Harry Hawkins: A new era of ‘fan ignition’

Harry Hawkins, content lead at data-driven sports marketing agency Two Circles, explains why media fragmentation is giving sports rights-holders the biggest opportunity ever to ignite fandom.

Harry Hawkins

Earlier this year we released an analysis of the global leisure market. The data showed that the amount of time the average person dedicates to recreational activities will increase by 16 per cent over the next decade.

Though that doesn’t mean as a global population we’ll manage to finally start playing more than we work, technological advances and growing disposable income have begun to automate and optimise our jobs, and reduce the time it’s traditionally taken to perform basic chores. And that means more time and more money to do the things we enjoy most.

But perhaps most interestingly for SportBusiness readers, our data showed that, across the same period, the number of hours spent by the average person playing, watching and following sport will increase by 34 per cent. This means as a global population not only do we have more recreational time, we’re devoting more of that time to sport – driven by a greater emphasis being placed on health and fitness, a greater supply and variety of sports media, and sport’s growing cultural relevance.

It’s great news for the sports industry – we’re about to enter an era of significant growth, and the opportunity is huge.

Historically we’ve seen only a handful of factors play a role in creating affinity for sport – visibility on TV, participation as a child, and the role of family. We’re beginning to see sport break with tradition; consumers all around the world are starting to be recruited into deeper relationships with sports properties via a multitude of different routes.

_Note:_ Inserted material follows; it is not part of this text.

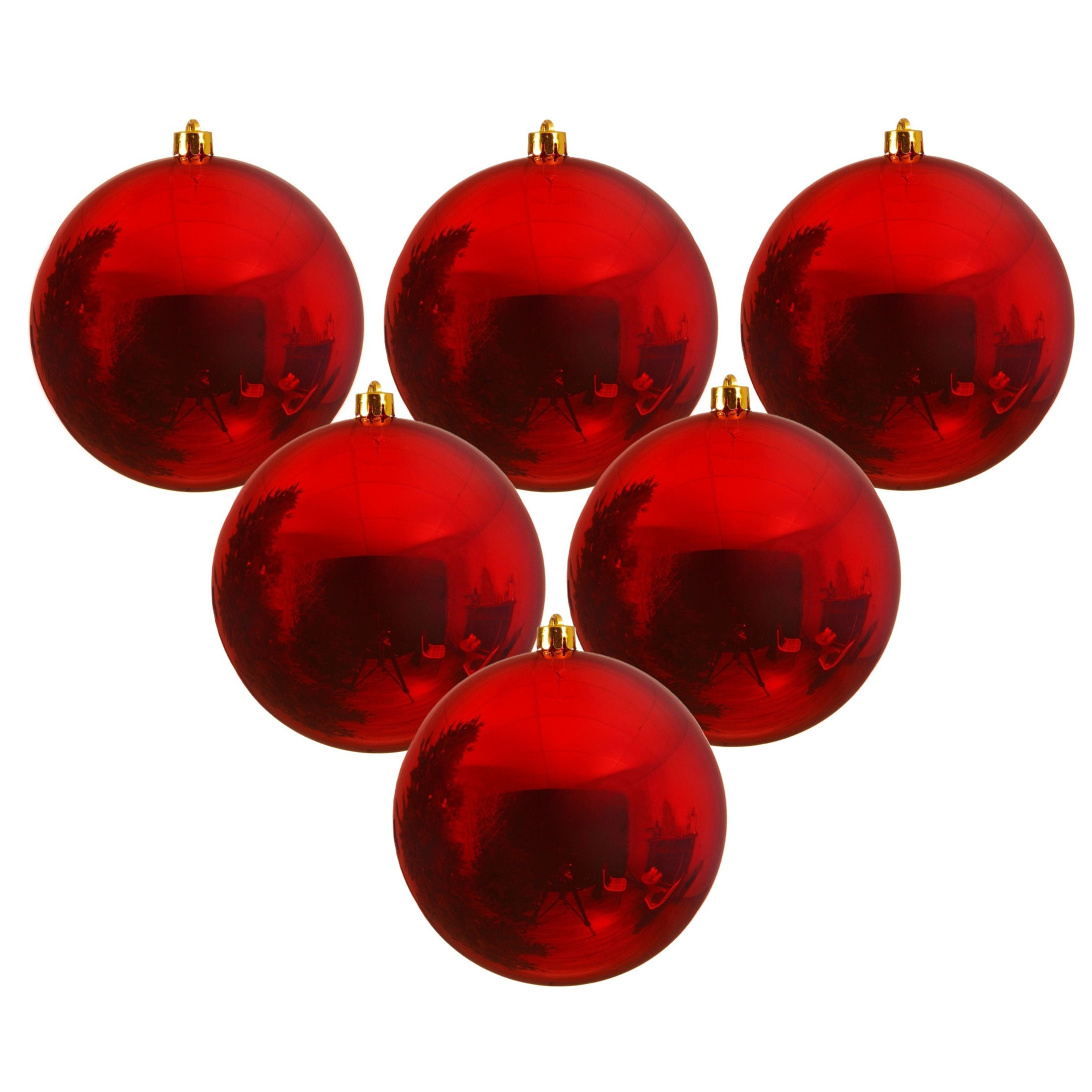 6x groot formaat kerstbal in de kleur rood. Met een indrukwekkende diameter van 14 cm en een glanzende afwerking, is deze kunststof kerstbal perfect voor het maken van een opvallend en feestelijk accent in je huis. Deze veelzijdige kerstbal is ideaal voor diverse toepassingen. Hang hem op aan een lint aan het plafond, aan de deur of raam voor een warm welkom, of gebruik hem om een grote kerstboom te versieren. Voor een stijlvolle presentatie aan de deur kun je ook gebruik maken van speciale deurhangers voor kerstkransen, waaraan je deze grote kerstbal kunt ophangen.

Media in particular demonstrates this point. Today, sports action is at the tip of our fingers, via streaming, in-play clips or post-match highlights, all media assets that weren’t available 20 years ago but are now accessible on any number of connected devices. And not only are these new forms of media assets commercially-valuable rights packages within a rights-holder’s media business, they are a means of recruiting and deepening the affinity of followers, fans, players and consumers.

In-play clips are perhaps the most obvious example – the perfect expression of sport for those with only a passing interest, unwilling to invest more than a few seconds to watch a sports event unfold. Clips represent rights-holders’ opportunity to cater to these individuals with a different manifestation of their core product than the one available through live long-form coverage; this represents an opportunity to change the relationship these individuals have with the sport and drive their affinity upwards over time.

Games are another example. Recent research we conducted on behalf of a client demonstrated that a smartphone game had been its single-biggest source of new followers under the age of 35 in one of its priority markets over the past 24 months. The long-term strategic value of this penetration of an increasingly-hard-to-reach audience will be felt by the rights-holder for many years to come.

Going forward, a competition’s presence in a young person’s Facebook feed could be just as impactful as its visibility on TV. Equally, a six-part, human-interest documentary that tells the story of a sports team through a new lens could drive just as much engagement as a league-winning run. The world’s new sports media diet is changing the ways in which fandom can be ignited.

Using data to track the amount of engagement these touchpoints are having with different levels of fans, in as granular detail as possible, is critical for rights-holders to be able to understand the impact and role their content is having on different audiences, enabling them to build commercial strategies off the back of it.

Everyone in the world has the propensity to be a bigger sports fan. We just need to ignite their fandom.